Wait a moment! High taxes on income and profit produced more investment and growth? That’s the exact opposite of today’s Republican, and often Democratic, mantra that high taxes kill investment and growth. But the postwar taxes that tamed the corporate behemoths were in fact high marginal rates, top rates in a steeply progressive system. These were the very taxes imposed at the beginning of World War II to prevent war profiteering. These were taxes designed to capture the “unearned income” or “economic rent” of powerful corporations and wealthy individuals. It was perfectly logical for such corporations and individuals to “avoid” such taxes by investing money they would otherwise lose.

If high marginal income and profit taxes are so beneficial, is there any prospect—given the political will— of returning to such tax levels? Unfortunately, now that so many multinational corporations and wealthy individuals are registered or domiciled in tax haven countries, any simple effort to impose truly high marginal rates on profits or income will simply lead to more creative evasions, corruption (see Panama), and tax wars.

But, assuming the political will, are there other approaches? Galbraith proposes:

A much older and yet, to this day, still more promising alternative to taxing financial wealth is to tax land value, including the value of mineral and energy resources in the ground. The economic concept behind this idea is that of Ricardian rent–the argument that rents (which are inherently unproductive) flow to the owners of the fixed and non-reproducible asset, namely land. By taxing land and minerals, one reaches the least defensible forms of accumulated wealth, while at the same time doing the least to distort market decisions as between capital investment and hiring of labor. And there is another advantage: unlike financial wealth, land stays put. It exists in fixed jurisdictions with registered ownership; all the taxing authorities need to do is to send an appraiser, and then a bill. Local property taxes already work this way; however, in the United States landowner opposition to land taxes has been fierce, and many states are barred by their constitutions from levying property tax on a statewide basis. In California, notoriously, even local property taxes were capped in the late 1970s by a ballot measure strongly supported by wealthy landholding interests.

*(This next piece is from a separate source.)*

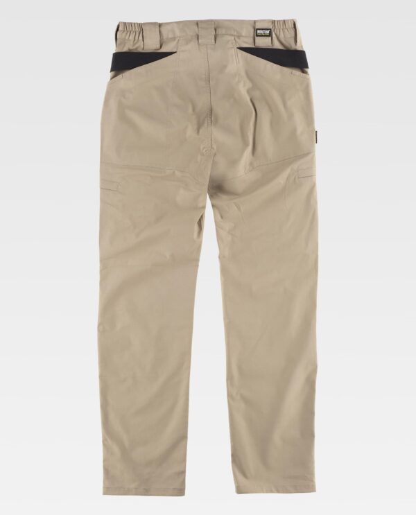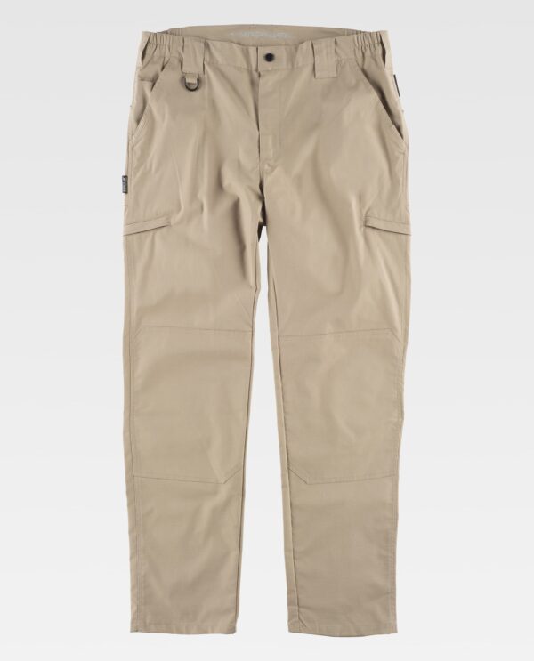 Calça em tecido Ripstop com reforços, desenho “Slim Fit”. Dois bolsos de abertura inclinada nos costados com bolso relojoeiro, dois bolsos laterais interiores com fecho de cremalheira metálica. Dois bolsos no reforço do assento com fecho de velcro. Fita de tecido preto para pendurar. Joelheiras e assento reforçados. Elástico nos laterais da cintura. Passadores grossos. Argola de plástico. Fecho de mola automática e braguilha com cremalheira metálica.

Land taxation has been for a century the program of the followers of the 19th century American economist Henry George, whose influence was vast around the world a century ago. One of his followers was the Chinese revolutionary Sun Yat-Sen, founder of the Republic of China in 1911. And Maoist China, by conducting an early war against landlords, ended up having the world economy most like the Georgist program in the modern age. But instead of taxing land value, the Chinese state actually owns it, and collects the land rent for itself. By doing this, Chinese municipalities and provinces have enjoyed ample revenue from which to make capital improvements, which is why Chinese cities have been able to grow like weeds in the reform era…

To this I would add that land taxes weren’t new in China: they financed Chinese empires as early as 2000 BC. Stiff land taxes of four shillings to the pound of assessed value financed the transformation of British finance in 1688; Adam Smith deemed them “the most equitable of all taxes.” Taxes on high profits and incomes and on land values all capture unearned income, or rents, forcing taxpayers to invest productively to pay the tax.